→ What you are asked to do
Reproduce the listing in full, pictures excluded.

→ Given material
>>>

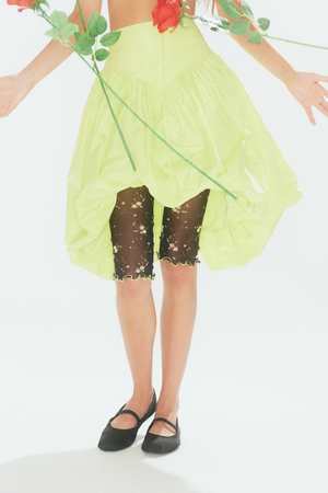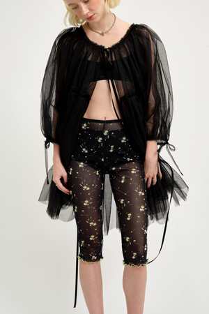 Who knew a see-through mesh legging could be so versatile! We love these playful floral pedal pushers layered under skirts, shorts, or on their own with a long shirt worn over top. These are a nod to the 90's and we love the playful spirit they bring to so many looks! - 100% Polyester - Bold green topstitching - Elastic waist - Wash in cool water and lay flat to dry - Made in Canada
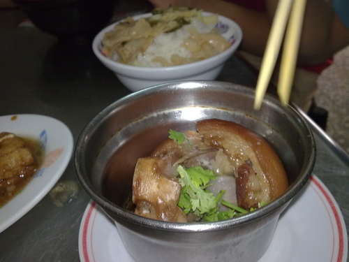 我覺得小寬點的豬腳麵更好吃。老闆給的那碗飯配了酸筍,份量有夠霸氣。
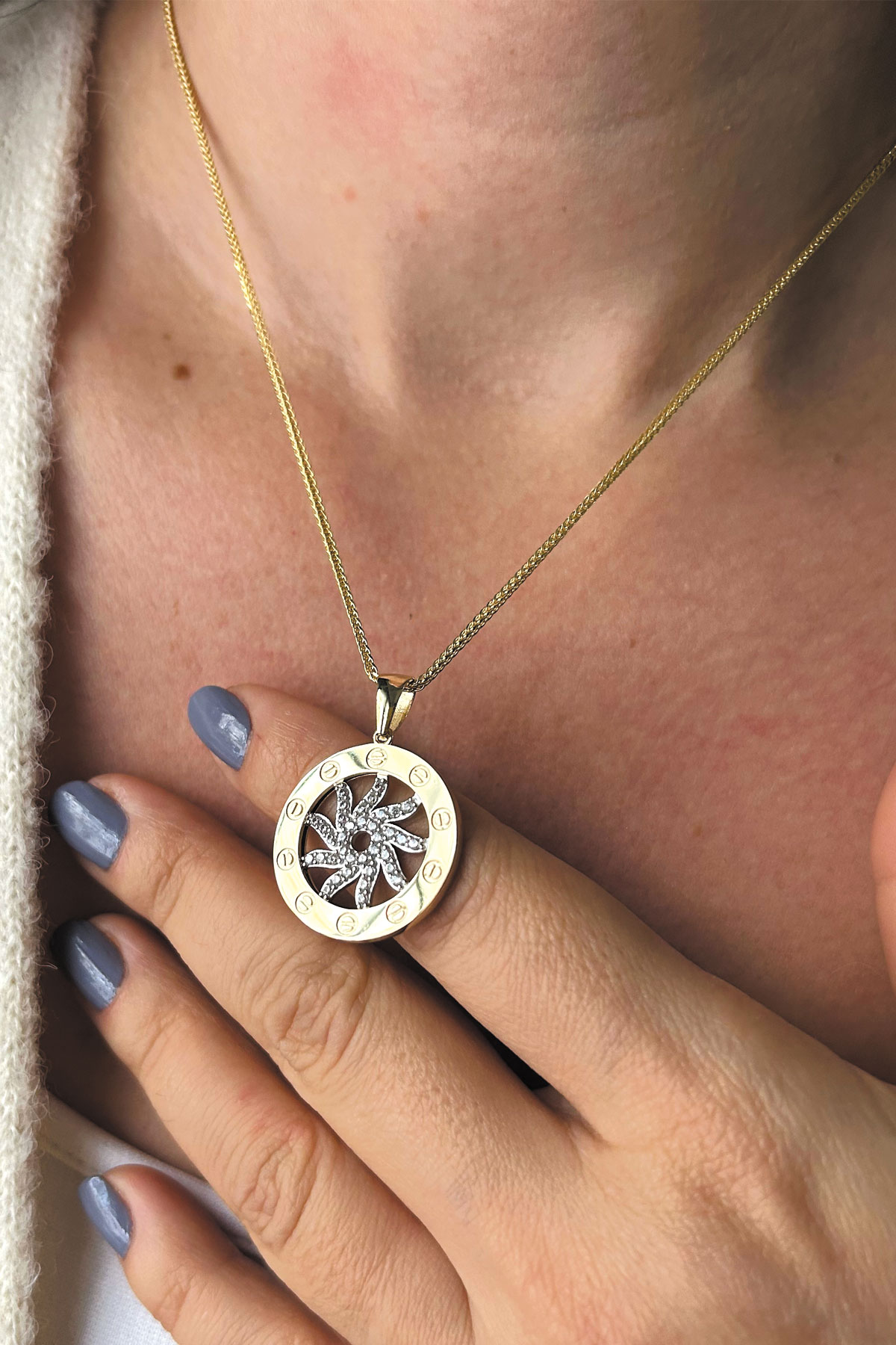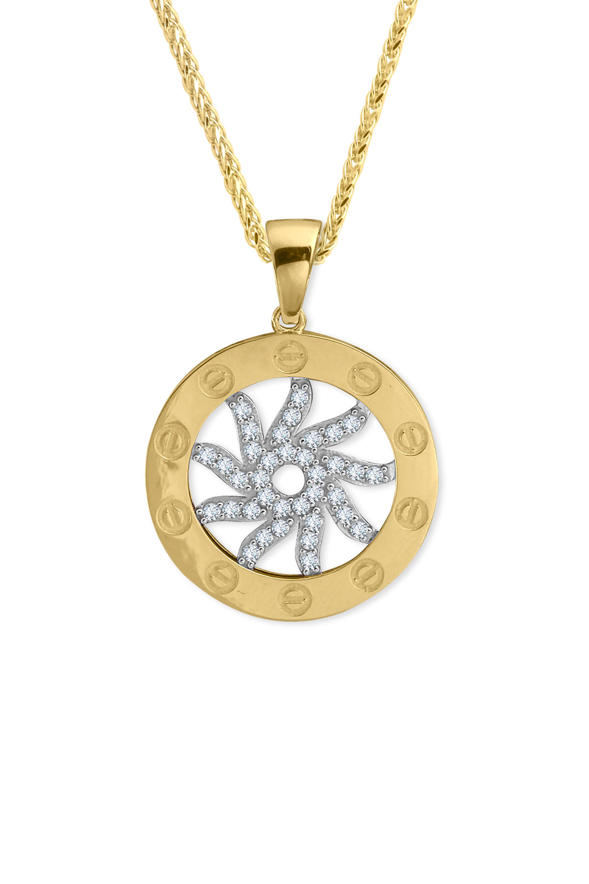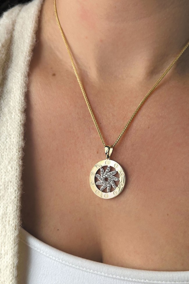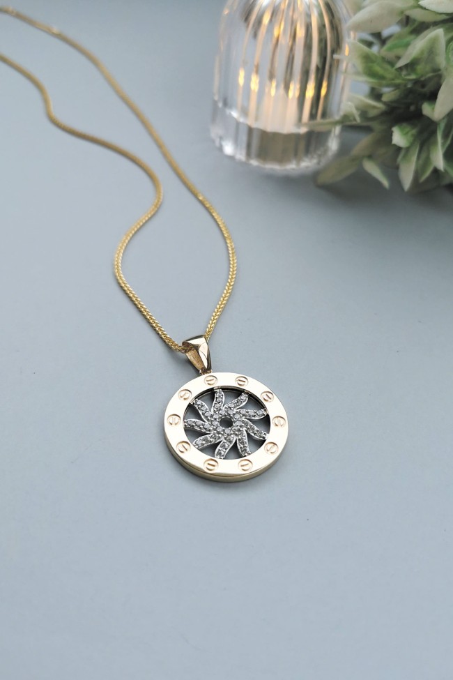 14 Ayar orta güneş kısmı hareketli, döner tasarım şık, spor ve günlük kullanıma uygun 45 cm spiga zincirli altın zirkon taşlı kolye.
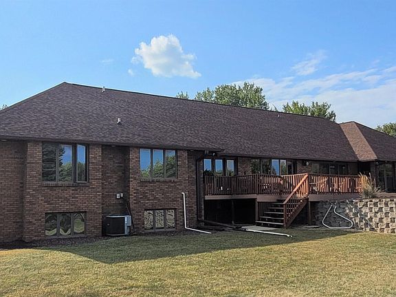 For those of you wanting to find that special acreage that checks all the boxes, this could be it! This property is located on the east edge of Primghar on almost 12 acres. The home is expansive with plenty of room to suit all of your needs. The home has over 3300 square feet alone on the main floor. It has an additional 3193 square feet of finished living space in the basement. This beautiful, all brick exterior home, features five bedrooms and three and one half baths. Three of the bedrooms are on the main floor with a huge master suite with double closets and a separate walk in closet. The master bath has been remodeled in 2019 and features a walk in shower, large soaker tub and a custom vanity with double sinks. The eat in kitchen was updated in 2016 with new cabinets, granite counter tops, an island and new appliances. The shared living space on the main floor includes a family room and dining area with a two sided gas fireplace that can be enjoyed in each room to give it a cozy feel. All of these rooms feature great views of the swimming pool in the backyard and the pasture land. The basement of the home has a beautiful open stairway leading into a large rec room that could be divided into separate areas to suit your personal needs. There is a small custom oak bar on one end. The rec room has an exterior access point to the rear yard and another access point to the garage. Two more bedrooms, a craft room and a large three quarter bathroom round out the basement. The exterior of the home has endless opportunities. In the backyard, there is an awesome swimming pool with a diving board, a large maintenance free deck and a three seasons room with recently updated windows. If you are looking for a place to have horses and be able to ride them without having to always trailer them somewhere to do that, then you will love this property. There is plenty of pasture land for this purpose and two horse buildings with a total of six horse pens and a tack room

<<<

→ Answer
 Who knew a see-through mesh legging could be so versatile! We love these playful floral pedal pushers layered under skirts, shorts, or on their own with a long shirt worn over top. These are a nod to the 90's and we love the playful spirit they bring to so many looks! - 100% Polyester - Bold green topstitching - Elastic waist - Wash in cool water and lay flat to dry - Made in Canada
 我覺得小寬點的豬腳麵更好吃。老闆給的那碗飯配了酸筍,份量有夠霸氣。
 14 Ayar orta güneş kısmı hareketli, döner tasarım şık, spor ve günlük kullanıma uygun 45 cm spiga zincirli altın zirkon taşlı kolye.
 For those of you wanting to find that special acreage that checks all the boxes, this could be it! This property is located on the east edge of Primghar on almost 12 acres. The home is expansive with plenty of room to suit all of your needs. The home has over 3300 square feet alone on the main floor. It has an additional 3193 square feet of finished living space in the basement. This beautiful, all brick exterior home, features five bedrooms and three and one half baths. Three of the bedrooms are on the main floor with a huge master suite with double closets and a separate walk in closet. The master bath has been remodeled in 2019 and features a walk in shower, large soaker tub and a custom vanity with double sinks. The eat in kitchen was updated in 2016 with new cabinets, granite counter tops, an island and new appliances. The shared living space on the main floor includes a family room and dining area with a two sided gas fireplace that can be enjoyed in each room to give it a cozy feel. All of these rooms feature great views of the swimming pool in the backyard and the pasture land. The basement of the home has a beautiful open stairway leading into a large rec room that could be divided into separate areas to suit your personal needs. There is a small custom oak bar on one end. The rec room has an exterior access point to the rear yard and another access point to the garage. Two more bedrooms, a craft room and a large three quarter bathroom round out the basement. The exterior of the home has endless opportunities. In the backyard, there is an awesome swimming pool with a diving board, a large maintenance free deck and a three seasons room with recently updated windows. If you are looking for a place to have horses and be able to ride them without having to always trailer them somewhere to do that, then you will love this property. There is plenty of pasture land for this purpose and two horse buildings with a total of six horse pens and a tack room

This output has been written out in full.